Downfall of Gaia's third studio album, Aeon Unveils the Thrones of Decay, was released on 11 November 2014 through Metal Blade. The songs were mostly created in two weeks of rehearsing and writing after the band's new drummer, Michael Kadnar from New York City who recently replaced Hannes, flew to Germany in March, while vocals were added a month later after Goncalves wrote the lyrics. The final version was recorded at '79 Sound Studio, mixed at Atomic Garden Studio and mastered at Audiosiege Studio in Portland, Oregon. Describing the record, Goncalves stated that it "is a concept album about time and all of its relentless sides ... deal[ing] with the darker sides of life and the struggles everyone has to fight on a day to day [basis]" and while "songs on [the band's] previous records grew slowly and things took their time, this time [they] tried to focus on pretty straight, fast and aggressive song structures." In support of the album, they toured the East Coast and the Midwest of the US in January/February 2015. and Europe with fellow German extreme metal band Der Weg einer Freiheit in March/April 2015. Further tours followed, including through Japan and Australia, only ending towards the end of the year when the band began working on their next album.

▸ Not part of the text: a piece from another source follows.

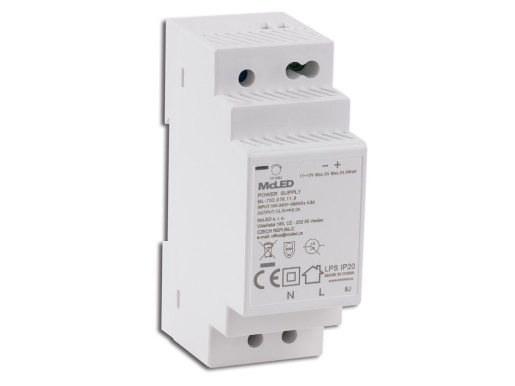LED napěťový zdroj pro LED pásky 24W, výstup DC 12V/2A. Možnost regulace výstupního napětí: 11-13V. Pro montáž na DIN lištu (DIN TS-35/7,5 a DIN TS-35/15). Vstup 100-240V AC, 0,8A.

Wolff quit Downfall of Gaia in early 2016 to focus on new projects and private life and was replaced after a few auditions by Marco Mazzola from Berlin in April. The band's fourth studio album, Atrophy, was recorded in June 2016 at Hidden Planet Studio Berlin and mixed and mastered at Atomic Garden Studio. It was released through Metal Blade on 11 November 2016. On 8 February 2019, the band followed it up with their fifth, Ethic of Radical Finitude, through the same label.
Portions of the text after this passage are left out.